▸ EXERCISE DETAILS
Copy, word for word, the lines below from the one containing "Toi et Moi solitaire ring features" up to and including the one containing "The Fall seems", with pictures left out.

▸ RECORDS FOR THIS EXERCISE
-=-=-

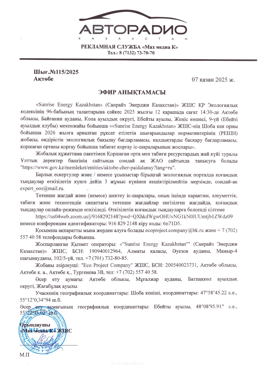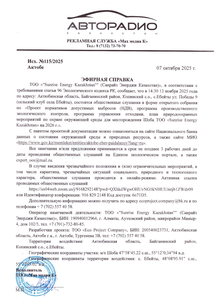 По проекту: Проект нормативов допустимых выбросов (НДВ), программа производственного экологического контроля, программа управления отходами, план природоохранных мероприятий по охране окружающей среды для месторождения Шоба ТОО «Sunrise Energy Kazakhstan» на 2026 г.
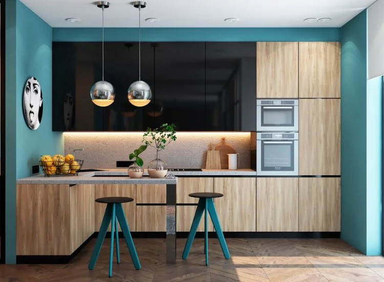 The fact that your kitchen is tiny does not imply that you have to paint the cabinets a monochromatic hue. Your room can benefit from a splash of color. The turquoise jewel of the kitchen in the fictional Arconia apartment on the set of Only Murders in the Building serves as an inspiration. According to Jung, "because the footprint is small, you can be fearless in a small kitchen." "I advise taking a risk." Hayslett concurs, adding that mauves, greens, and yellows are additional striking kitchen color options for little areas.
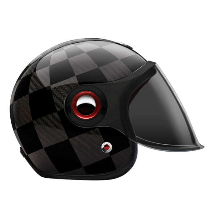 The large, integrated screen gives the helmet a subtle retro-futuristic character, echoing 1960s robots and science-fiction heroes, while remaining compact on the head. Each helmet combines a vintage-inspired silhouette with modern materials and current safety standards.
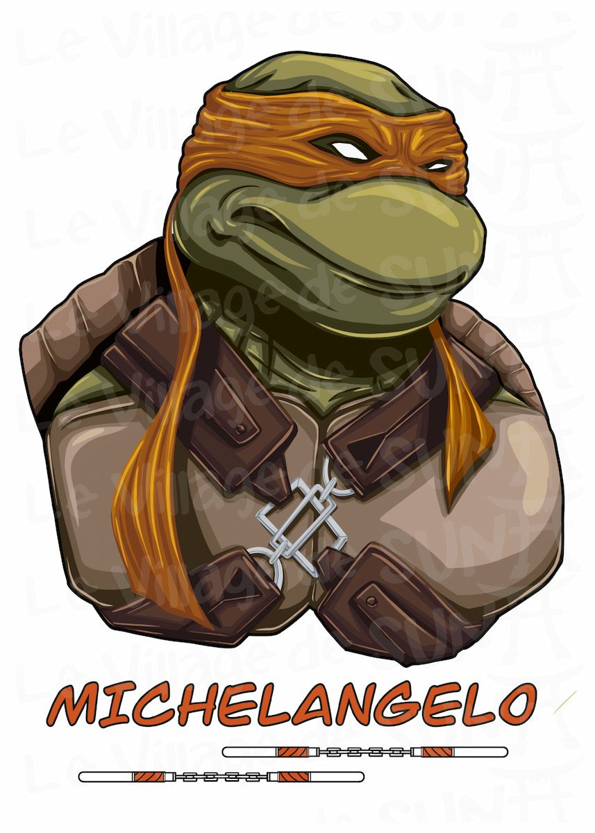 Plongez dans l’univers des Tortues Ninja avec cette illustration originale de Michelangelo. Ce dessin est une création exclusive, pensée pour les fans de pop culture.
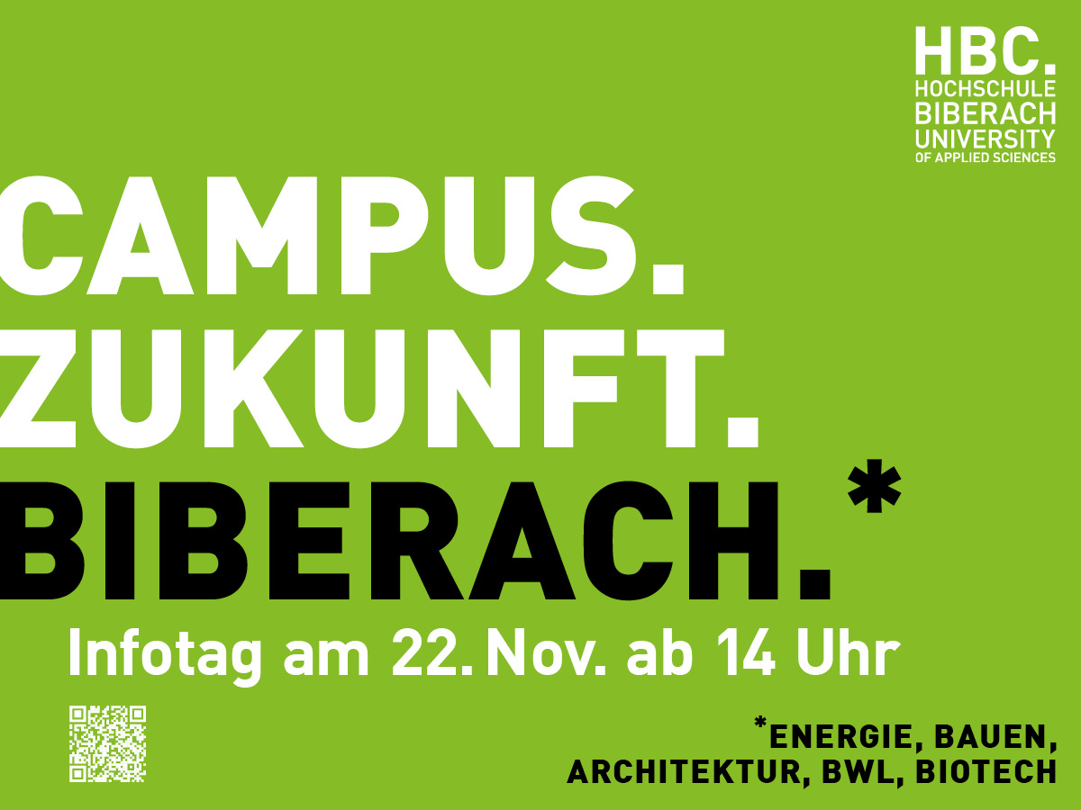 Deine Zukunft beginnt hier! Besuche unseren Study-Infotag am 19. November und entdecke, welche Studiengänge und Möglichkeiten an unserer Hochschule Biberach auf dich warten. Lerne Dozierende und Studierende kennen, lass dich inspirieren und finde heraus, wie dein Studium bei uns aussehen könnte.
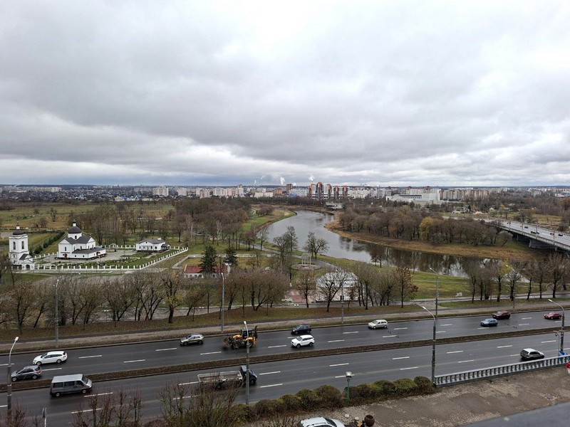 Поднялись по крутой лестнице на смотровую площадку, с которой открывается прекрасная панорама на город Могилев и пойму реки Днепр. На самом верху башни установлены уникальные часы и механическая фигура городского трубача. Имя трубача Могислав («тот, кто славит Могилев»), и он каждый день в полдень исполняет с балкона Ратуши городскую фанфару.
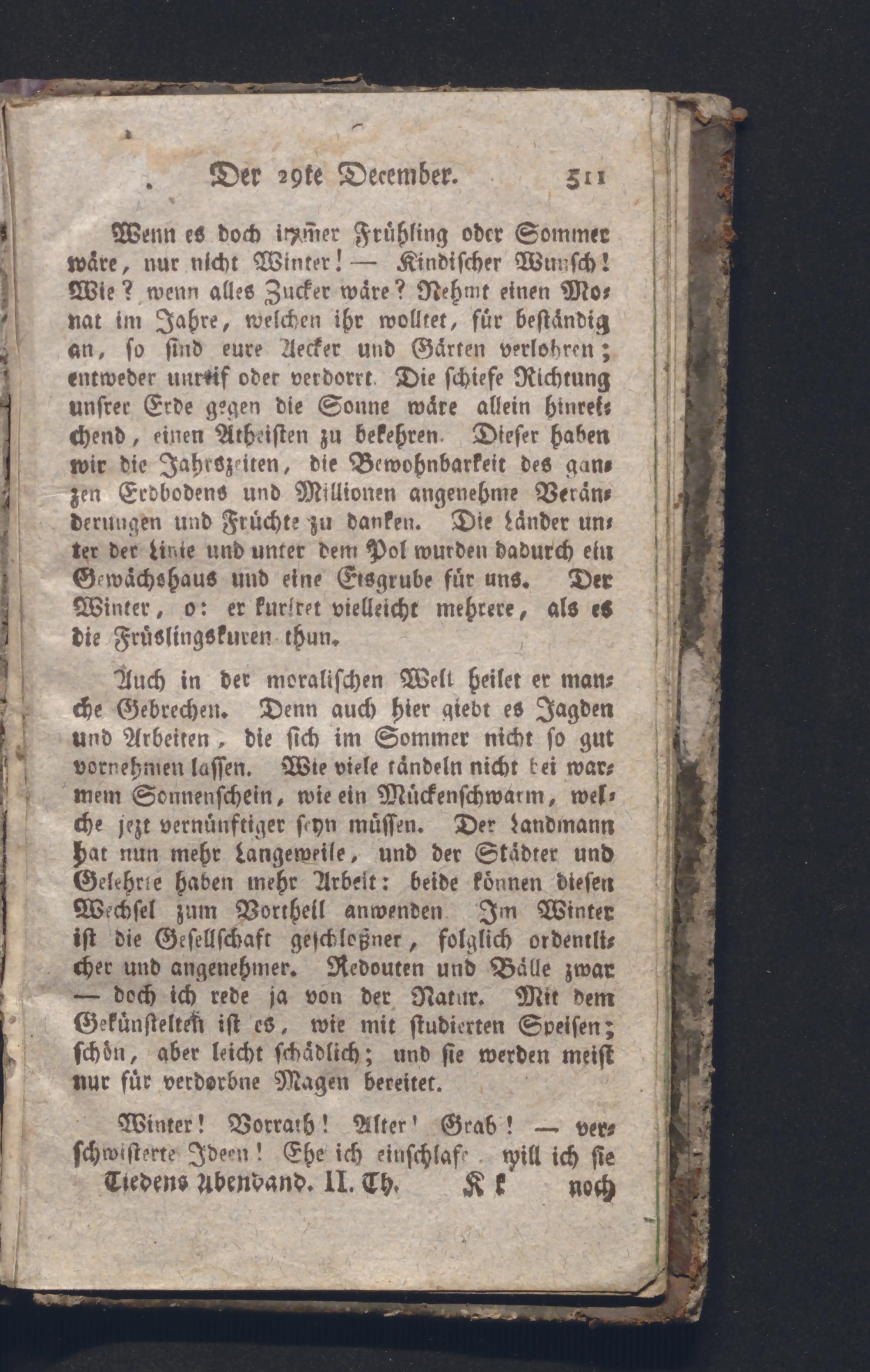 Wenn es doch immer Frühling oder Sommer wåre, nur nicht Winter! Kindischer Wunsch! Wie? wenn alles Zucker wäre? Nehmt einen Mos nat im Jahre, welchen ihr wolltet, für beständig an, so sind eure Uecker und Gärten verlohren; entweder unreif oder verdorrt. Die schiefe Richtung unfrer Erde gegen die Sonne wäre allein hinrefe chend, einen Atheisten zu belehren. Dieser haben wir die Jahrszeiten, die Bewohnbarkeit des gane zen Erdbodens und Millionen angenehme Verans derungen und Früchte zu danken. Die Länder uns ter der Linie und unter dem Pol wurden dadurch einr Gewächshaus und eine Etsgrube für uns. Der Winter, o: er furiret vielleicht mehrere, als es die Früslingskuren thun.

-=-=-

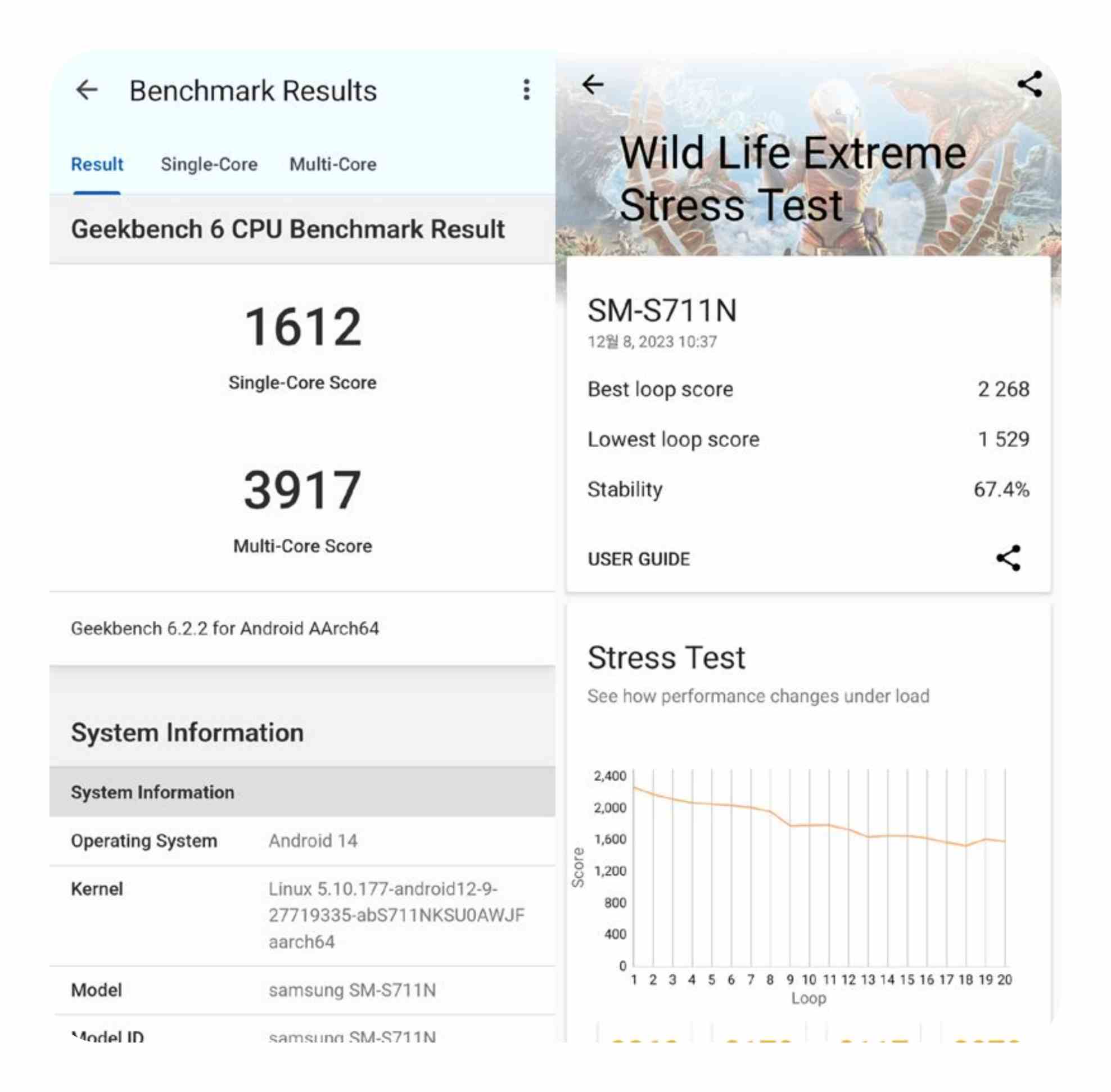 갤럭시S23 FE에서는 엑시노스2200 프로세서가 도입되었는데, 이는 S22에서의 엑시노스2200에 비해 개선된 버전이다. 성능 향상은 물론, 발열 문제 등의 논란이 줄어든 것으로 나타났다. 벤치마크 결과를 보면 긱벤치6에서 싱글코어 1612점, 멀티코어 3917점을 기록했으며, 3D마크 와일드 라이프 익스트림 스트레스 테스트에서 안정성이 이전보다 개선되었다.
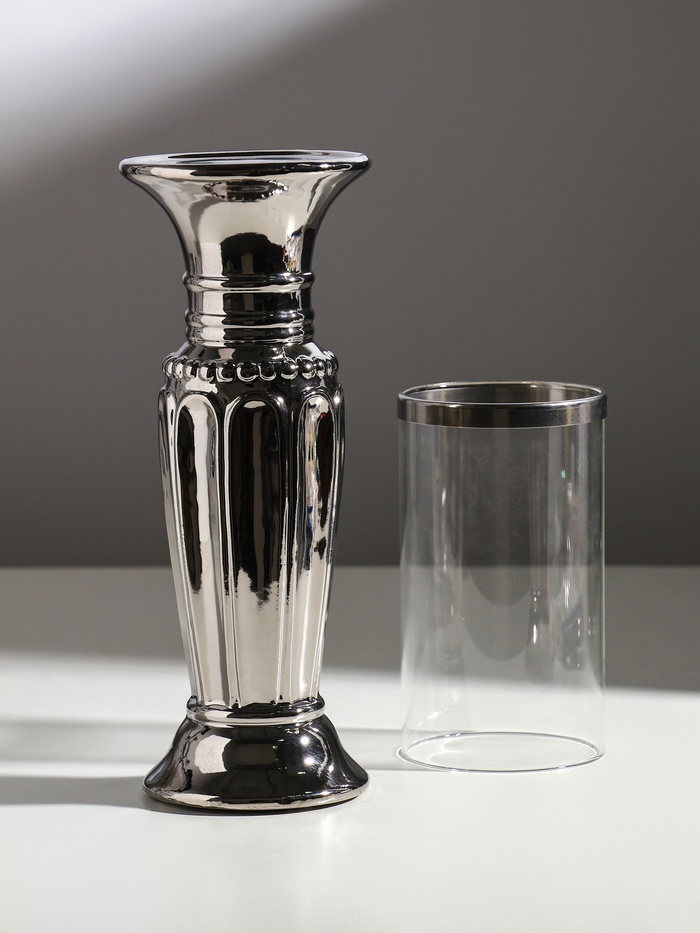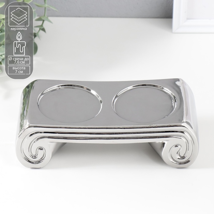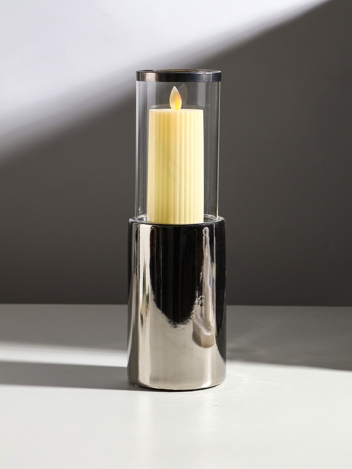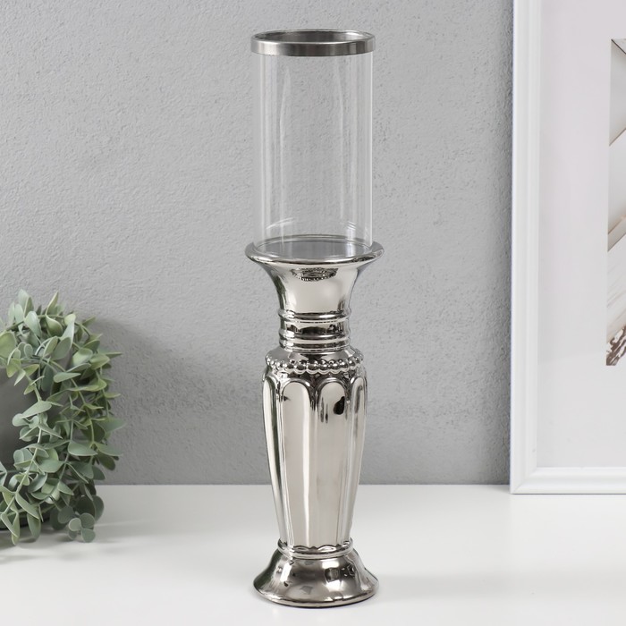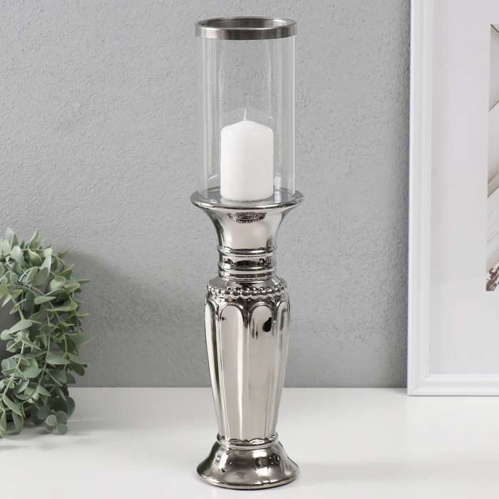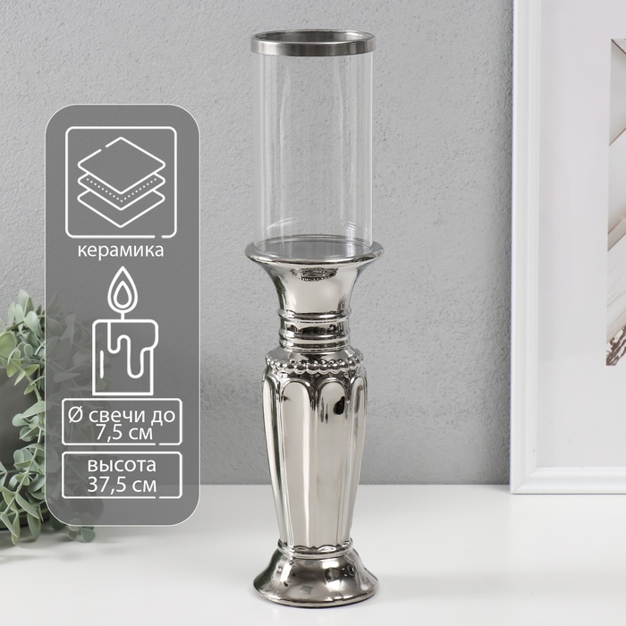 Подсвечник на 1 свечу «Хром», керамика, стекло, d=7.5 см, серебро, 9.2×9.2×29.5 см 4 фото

-=-=-

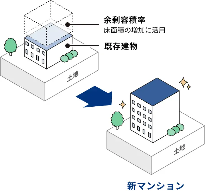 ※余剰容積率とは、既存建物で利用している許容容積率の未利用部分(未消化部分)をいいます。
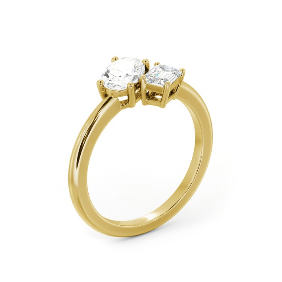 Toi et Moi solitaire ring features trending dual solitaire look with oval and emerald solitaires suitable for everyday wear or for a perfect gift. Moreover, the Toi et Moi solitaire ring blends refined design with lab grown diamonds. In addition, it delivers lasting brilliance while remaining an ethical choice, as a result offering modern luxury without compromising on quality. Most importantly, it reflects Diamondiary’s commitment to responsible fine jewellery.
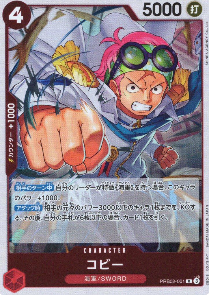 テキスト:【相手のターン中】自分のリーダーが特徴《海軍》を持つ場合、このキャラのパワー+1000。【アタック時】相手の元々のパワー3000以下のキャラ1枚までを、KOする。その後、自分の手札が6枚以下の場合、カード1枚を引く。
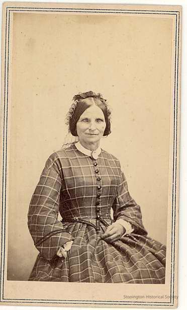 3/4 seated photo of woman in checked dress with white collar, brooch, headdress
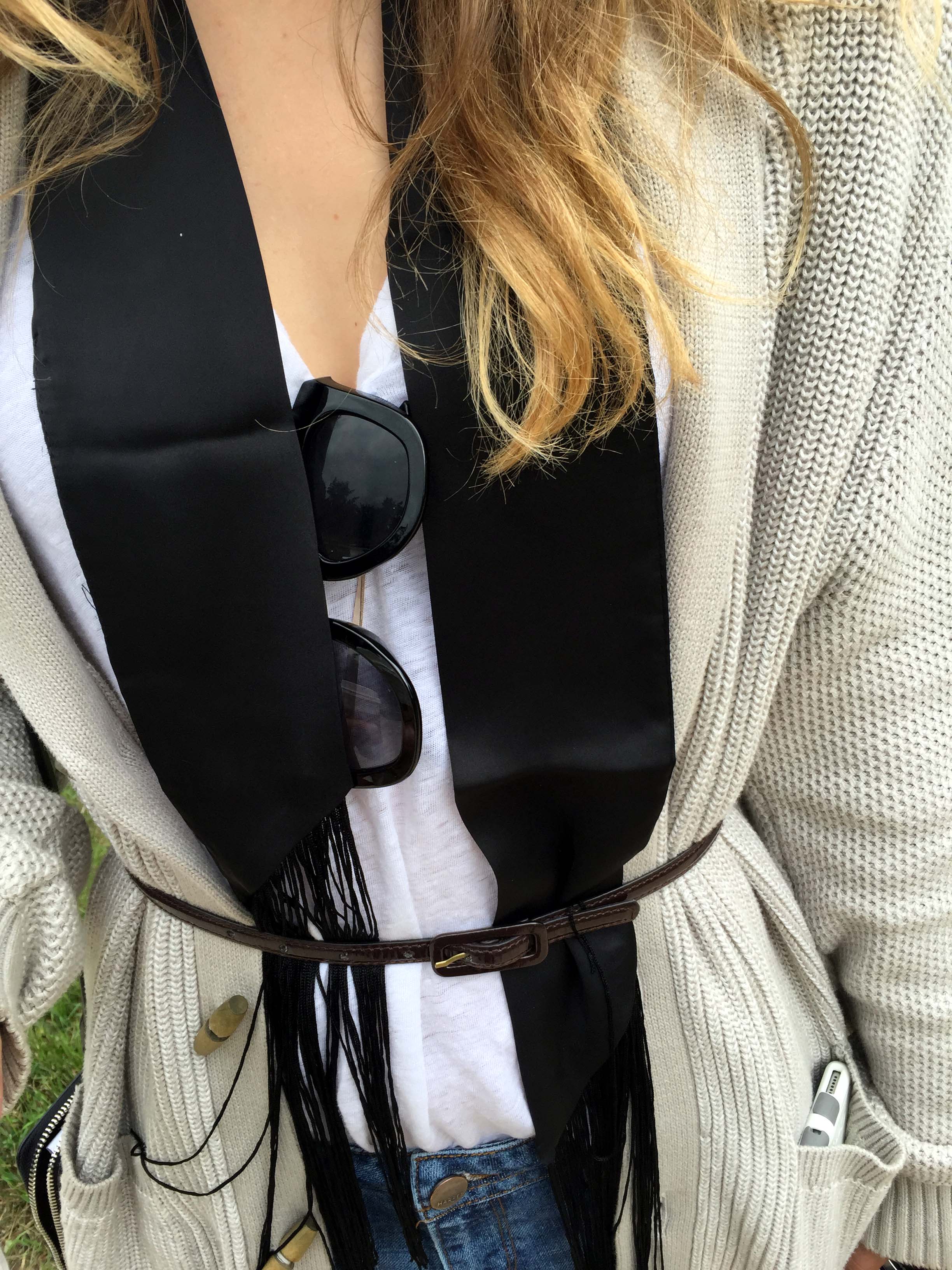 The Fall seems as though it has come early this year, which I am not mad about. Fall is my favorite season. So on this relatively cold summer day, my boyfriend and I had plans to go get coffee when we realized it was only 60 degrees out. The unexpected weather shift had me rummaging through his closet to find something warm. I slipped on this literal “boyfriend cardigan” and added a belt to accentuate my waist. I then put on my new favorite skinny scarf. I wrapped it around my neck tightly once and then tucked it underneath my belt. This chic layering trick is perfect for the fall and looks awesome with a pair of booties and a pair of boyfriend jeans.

-=-=-

▸ TASK RESULT
 Toi et Moi solitaire ring features trending dual solitaire look with oval and emerald solitaires suitable for everyday wear or for a perfect gift. Moreover, the Toi et Moi solitaire ring blends refined design with lab grown diamonds. In addition, it delivers lasting brilliance while remaining an ethical choice, as a result offering modern luxury without compromising on quality. Most importantly, it reflects Diamondiary’s commitment to responsible fine jewellery.
 テキスト:【相手のターン中】自分のリーダーが特徴《海軍》を持つ場合、このキャラのパワー+1000。【アタック時】相手の元々のパワー3000以下のキャラ1枚までを、KOする。その後、自分の手札が6枚以下の場合、カード1枚を引く。
 3/4 seated photo of woman in checked dress with white collar, brooch, headdress
 The Fall seems as though it has come early this year, which I am not mad about. Fall is my favorite season. So on this relatively cold summer day, my boyfriend and I had plans to go get coffee when we realized it was only 60 degrees out. The unexpected weather shift had me rummaging through his closet to find something warm. I slipped on this literal “boyfriend cardigan” and added a belt to accentuate my waist. I then put on my new favorite skinny scarf. I wrapped it around my neck tightly once and then tucked it underneath my belt. This chic layering trick is perfect for the fall and looks awesome with a pair of booties and a pair of boyfriend jeans.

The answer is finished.